PRECIOUS – Gold Prices Decline as Euro Zone Debt Concerns Diminish, According to Reuters
Receding Euro Zone Debt Concerns Weigh on Gold Prices
- Palladium Approaches 10-Year Highs
- Upcoming: U.S. Weekly Jobless Claims
By Amanda Cooper
LONDON, Jan 13 – Gold prices dropped on Thursday, retreating from the previous session’s one-week highs. The decline was attributed to successful bond auctions in the euro zone, which reduced safe-haven demand for gold, although consumer demand remained relatively strong.
Palladium reached levels above $800 an ounce, climbing by 8 percent this week due to expectations of faster global economic growth, steady investment demand, and optimism from the Detroit auto show.
Bond sales from economically vulnerable euro zone countries like Portugal and Spain have seen improved investor demand, alleviating concerns about potential needs for international rescue funds. This easing sentiment contributed to a pullback in gold prices.
Spot gold fell for the first time in four days to $1,379.00 an ounce, marking a 0.6 percent decrease by 1212 GMT. U.S. gold futures for February delivery also trended downwards by 0.4 percent, priced at $1,379.60.
"Risk aversion is diminishing, leading to a decrease in gold prices as the demand for safe havens is currently low," noted Commerzbank analyst Daniel Briesemann. He added that this situation may be temporary, particularly considering the significant refinancing costs still concerning Portugal.
Euro Movement
The euro reached a one-month high against the Swiss franc and showed gains against the dollar amid speculation about upcoming measures to mitigate the euro zone debt crisis. Support for the euro was bolstered by comments from German Finance Minister Wolfgang Schaeuble, indicating that euro zone countries are working on a comprehensive package aimed at resolving the debt issues, expected to be in place by February or March.

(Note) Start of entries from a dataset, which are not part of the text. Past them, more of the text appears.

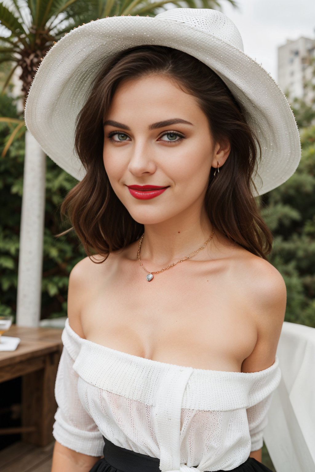 Prompt: “35 mm, 15mm, 8k, neo-expressionism, wearing a white sundress and a wide-brimmed hat, by Filip Hodas”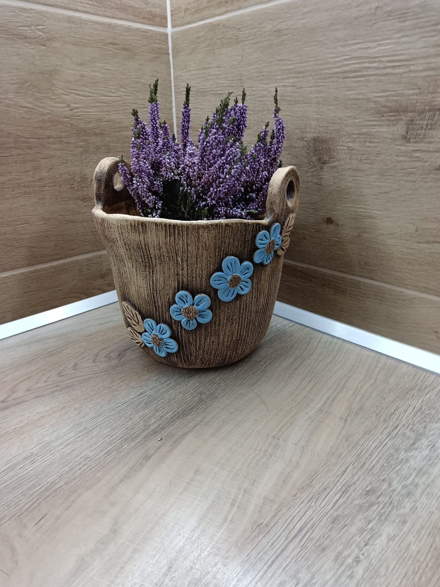 Keramické rustikální vědro - Modrý květy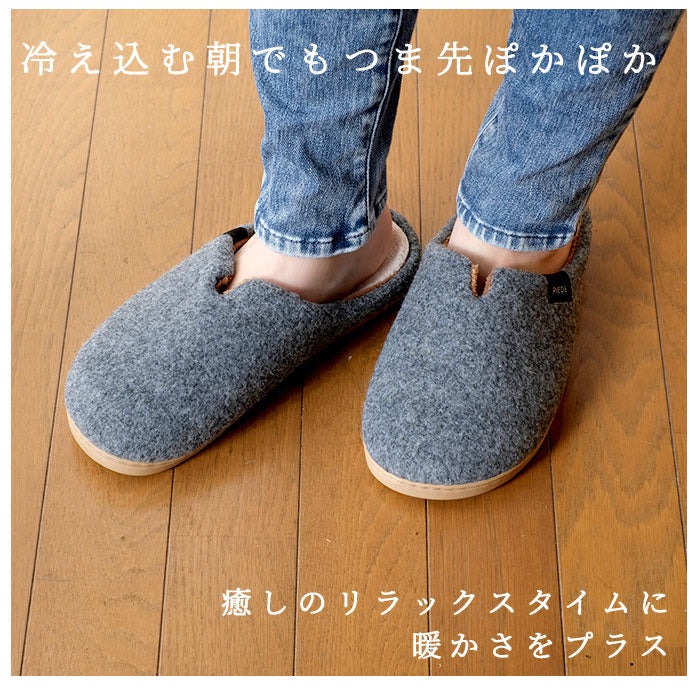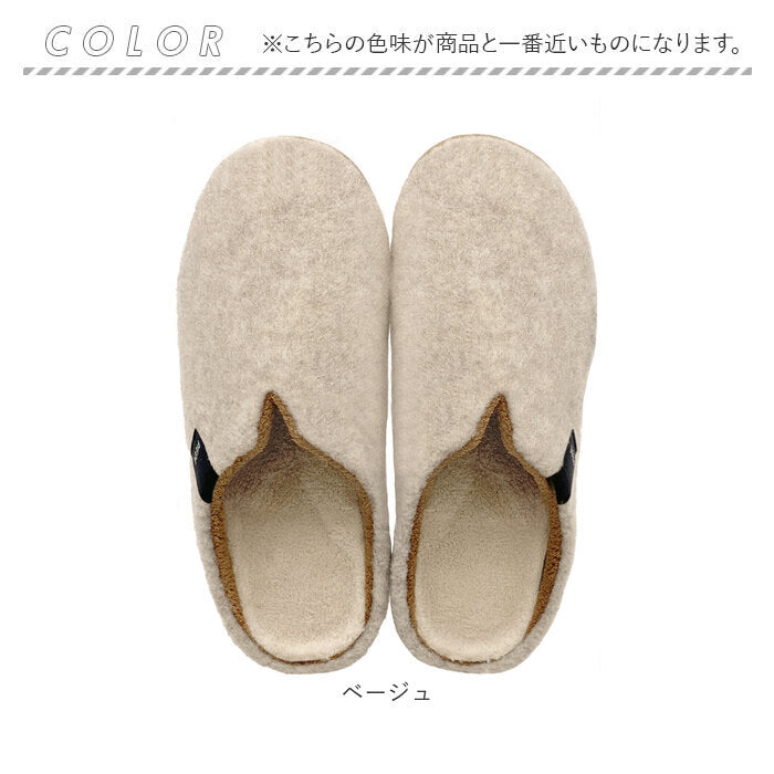 ・表面はマフラーみたいに落ち着いたトーンのフェルト生地、内側はぬくぬくのボア素材で仕上げた、コロンとまぁるいカタチが可愛らしいフェルトスリッパ。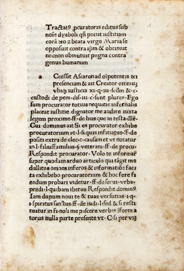 – Lotto 342. Da un lato il demonio in persona, che va in paradiso per riconquistare la sua umanità; e poi la Vergine, davanti a Cristo nelle spoglie di giudice. Un processo in forma di dialogo fra il diavolo, Cristo e la Madonna. Più di preciso, la quinta edizione del Processus satane, un mix perfetto di teatro, letteratura, diritto e teologia, variamente attribuito a Bartolo da Sassoferrato. Neanche a dirlo, sarà messo all’Indice dall’Inquisizione. La data: 1475. La base d’asta: € 2000.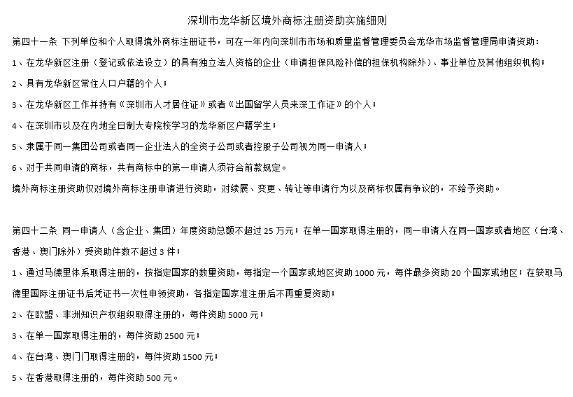 根據(jù)深圳市龍華新區(qū)境外商標注冊資助實施細則第42條
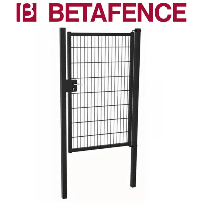 Perimeter security single leaf swing gate, including welded mesh infill, adapted posts, hinges, and lock and ground bolt system.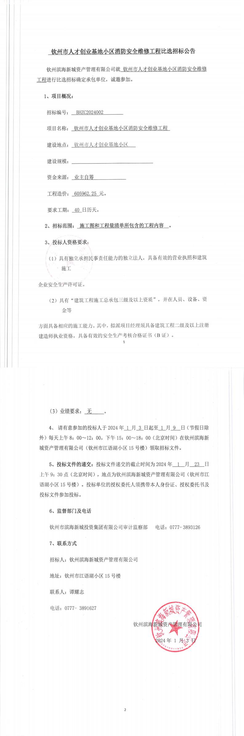 欽州市人才創(chuàng)業(yè)基地小區(qū)消防安全維修工程比選招標公告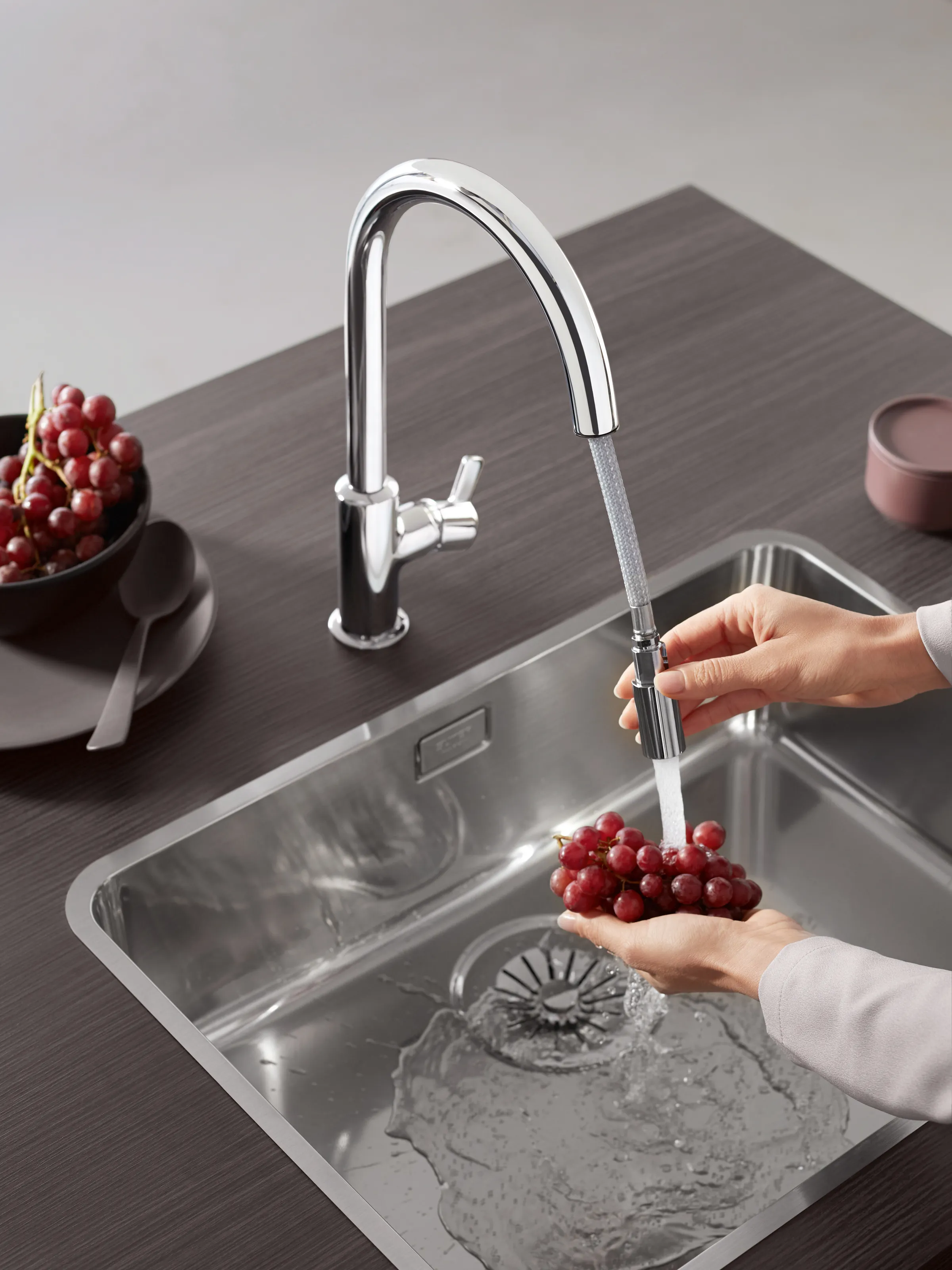 Современный дизайн придает коллекции KLUDI BINGO STAR XS динамичный характер, не лишая их при этом нежности. Утонченный изгиб излива, аккуратный рычаг, и идеально гладкая хромированная поверхность - это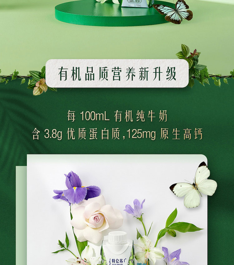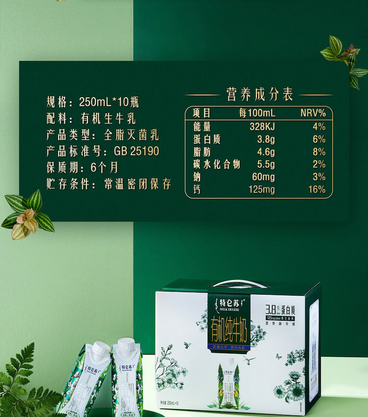 包装形式:箱装 国产/进口:国产 钙含量:高钙 规格:250ml×10包 每 100mL 有机纯牛奶含 3.8g 优质蛋白质,125mg 原生高钙 有机认证 通过中国有机认证标准,全产业链符合有机标准,安全可追溯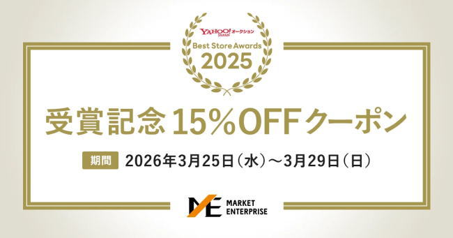 マーケットエンタープライズ<3135>(東証スタンダード)は、「Yahoo!オークションBest Store Awards 2025」(主催:LINEヤフー)において、約21,000ストアの中から総合賞第1位に選出された。昨年度に続く2年連続の受賞を記念し、2026年3月25日(水)から3月29日(日)までの5日間、同社ストア内の商品が15%OFFとなる「受賞ストア限定クーポン」を配布する。

Reflecting a drop in investment demand for gold, holdings in the world’s largest gold exchange-traded fund remained around their lowest since June, while another gold fund based in London saw redemptions.
"The recent rise in gold prices seems to be fading as concerns over sovereign debt take a backseat. Many investors in gold are already heavily positioned, leading traders to question where the next wave of buying will come from," stated Manoj Ladwa, a senior trader at ETX Capital.
In physical gold markets, demand from major consumers like India and China was noted, which might provide support for gold prices. Premiums for gold bars reached two-year highs in Singapore and Hong Kong. An individual dealer in Singapore mentioned that local demand was rising due to talks of an increase in gold import taxes in India, leading to proactive purchases of coins and bars. Additionally, demand from China is steady ahead of the Lunar New Year, with strong buying interest from Turkey.
Despite a nearly 1 percent rise this week, gold remains about 3.5 percent lower than its record price of $1,430.95 reached in December.
Both platinum and palladium have garnered renewed interest from investors, with holdings in larger ETFs remaining near record highs. Optimism regarding the auto market’s outlook has also contributed to the recovery of these metals. Palladium is currently trading at its highest level since March 2001, above $800 an ounce.
French car manufacturer PSA Peugeot Citroen expects growth in markets outside of Europe, notably in China and Latin America, after experiencing a substantial increase in global vehicle sales in 2010.
Palladium, primarily utilized in gasoline-powered vehicles in North America and emerging markets, nearly doubled in price the previous year due to expected growth in car markets across countries like China, Brazil, and India. The latest spot price for palladium was reported flat at $807.47 an ounce, having reached a 10-year high of $814.00 overnight. Meanwhile, platinum prices eased by 0.4 percent to $1,791.50, still holding near early November highs. Silver prices dropped by 1.2 percent to $29.29 an ounce, reflecting the overall softness in gold prices, with the gold/silver ratio rising to 47.3 from the previous day’s 46.7.